Daily Commentary - Posted on Wednesday, December 28, 2011, 5:16 PM GMT +1
High Number of 52-week Highs in December
At time of writing (11:11 am ET), the S&P 500 is currently down -0.81%, which might provide a favorable intermediate-term buying opportunity.
On Tuesday, December 27, more than 4.5% of NYSE listed issues closed at a fresh 52-week high for the 4th day in a row, for the first time in December this year, which historically had positive implications for the then following day (in this event on Wednesday, December 28, currently underway), and regularly for the time frame until the midst of January as well.
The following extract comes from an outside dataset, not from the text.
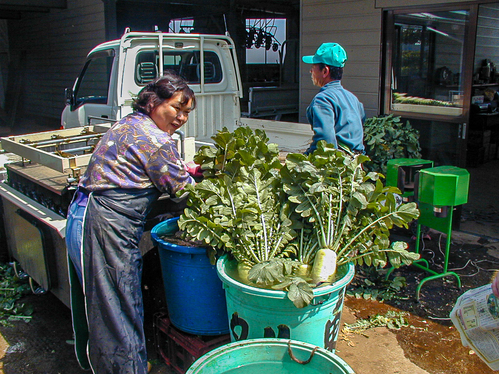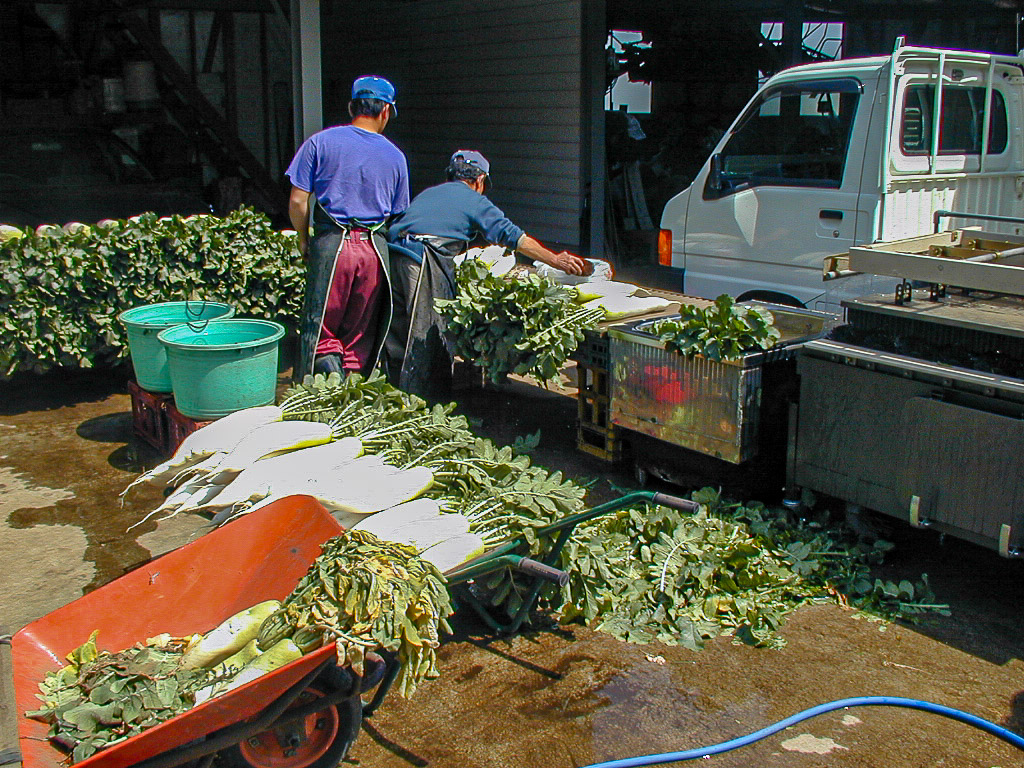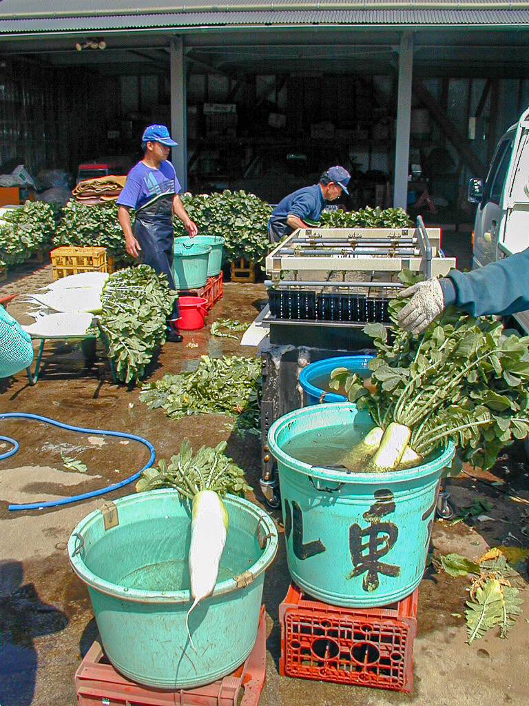大根のヒゲを取る機械に、泥を落として真っ白に仕上げる機械があって、大忙しでの作業の様子。この後また畑に取りに行くとのことでした。

Table I below shows all occurrences (since 1970) and the S&P 500′ performance on the then following two sessions, over the remainder of the year (in this event until Friday, December 30) and until the close of the 12th session of January in the event more than 4.50% of NYSE listed issues closed at a fresh 52-week high for the 4th day in a row for the first time during December of the respective year.
The S&P 500 never closed lower -0.61%+ the next day, and closed at a higher level at the end of the year and on the 12th business day of January on 13 (12) out of 16 occurrences – thereof 10 (11) with a better than 1.0% gain – , but never down more than -1.0% on both points in time.
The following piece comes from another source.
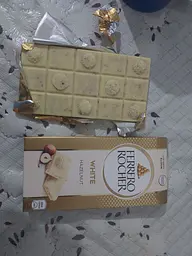 Чудова золота куля Rocher також доступна в плоскій версії. Батончик Rocher Tafel Weiss складається з прекрасного білого шоколаду та кремової начинки з какао-крему з фундуком та невеликими шматочками фундука. Спеціальна плитка для спеціальних цінителів.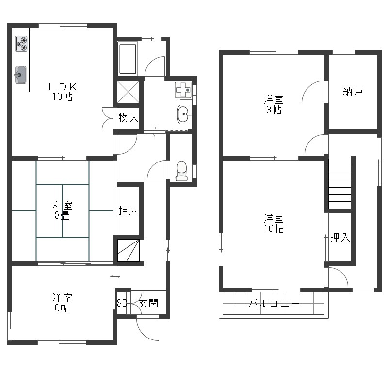 | 間取り詳細 | LDK 10畳 、 洋室 10畳 、 洋室 8畳 、 洋室 6畳 、 和室 8畳 |

A (sizable) down-day on Wednesday and/or Thursday this week might provide a favorable intermediate-term (2-3 week) buying opportunity.
Have a profitable week,
Disclosure: No position in the securities mentioned in this post at time of writing.
Remarks: Due to their conceptual scope – and if not explicitly stated otherwise – , all models/setups/strategies do not account for slippage, fees and transaction costs, do not account for return on cash and/or interest on margin, do not use position sizing (e.g. Kelly, optimal f) – they’re always ‘all in‘ – , do not use leverage (e.g. leveraged ETFs), do not utilize any kind of abnormal market filter (e.g. during market phases with extremely elevated volatility), do not use intraday buy/sell stops (end-of-day prices only), and models/setups/strategies are not ‘adaptive‘ (do not adjust to the ongoing changes in market conditions like bull and bear markets). Index data (e.g. S&P 500 cash index) does not account for dividend and cash payments.